## WHAT THE TASK REQUIRES
In the data below, locate the line containing "- significantly reduced" and the line containing "reduction in the", then retype both and everything between them exactly. Pictures are not part of the copy.

## SOURCE DATA

□ □ □ □ □ □ □

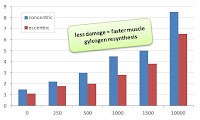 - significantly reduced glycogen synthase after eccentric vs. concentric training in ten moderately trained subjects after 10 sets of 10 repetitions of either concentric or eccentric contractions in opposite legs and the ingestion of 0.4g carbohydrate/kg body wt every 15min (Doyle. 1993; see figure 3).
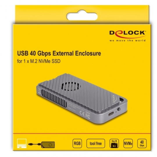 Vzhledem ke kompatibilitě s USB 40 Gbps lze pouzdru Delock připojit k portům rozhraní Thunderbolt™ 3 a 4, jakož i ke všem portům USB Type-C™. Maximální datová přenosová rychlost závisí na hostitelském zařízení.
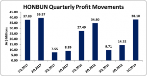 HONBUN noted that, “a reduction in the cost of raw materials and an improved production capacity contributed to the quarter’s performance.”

□ □ □ □ □ □ □

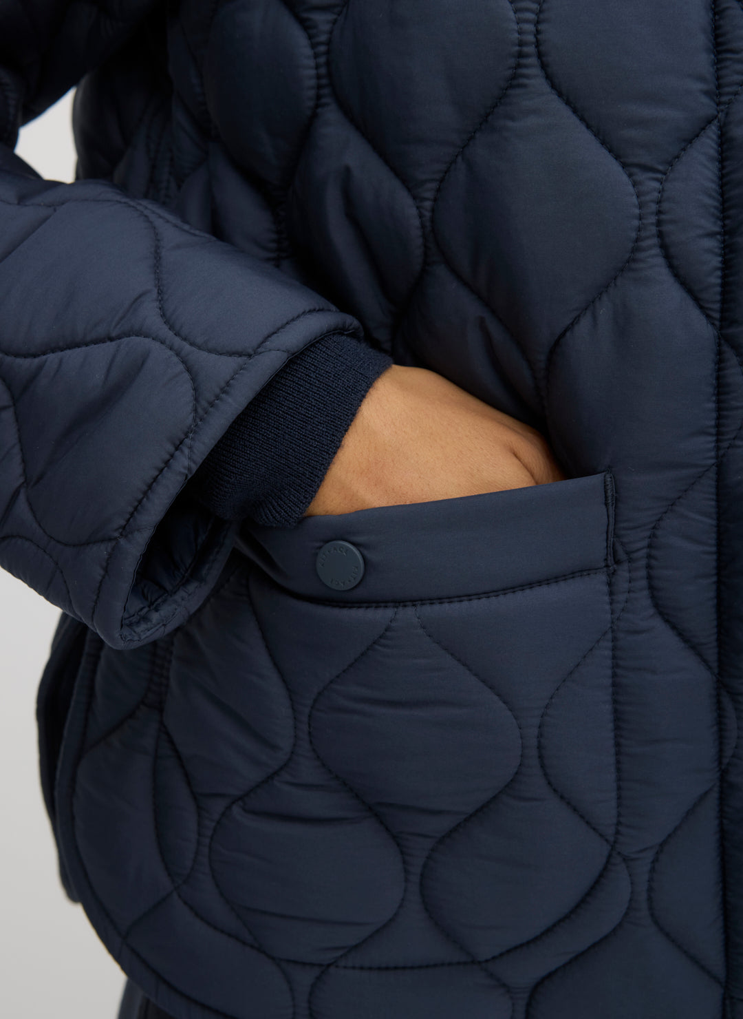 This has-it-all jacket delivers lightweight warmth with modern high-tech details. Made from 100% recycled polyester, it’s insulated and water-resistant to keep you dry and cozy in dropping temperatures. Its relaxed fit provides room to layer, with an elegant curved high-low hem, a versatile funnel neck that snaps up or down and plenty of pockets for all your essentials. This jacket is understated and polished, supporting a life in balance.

□ □ □ □ □ □ □

## RESPONSE TO THIS EXERCISE
 - significantly reduced glycogen synthase after eccentric vs. concentric training in ten moderately trained subjects after 10 sets of 10 repetitions of either concentric or eccentric contractions in opposite legs and the ingestion of 0.4g carbohydrate/kg body wt every 15min (Doyle. 1993; see figure 3).
 Vzhledem ke kompatibilitě s USB 40 Gbps lze pouzdru Delock připojit k portům rozhraní Thunderbolt™ 3 a 4, jakož i ke všem portům USB Type-C™. Maximální datová přenosová rychlost závisí na hostitelském zařízení.
 HONBUN noted that, “a reduction in the cost of raw materials and an improved production capacity contributed to the quarter’s performance.”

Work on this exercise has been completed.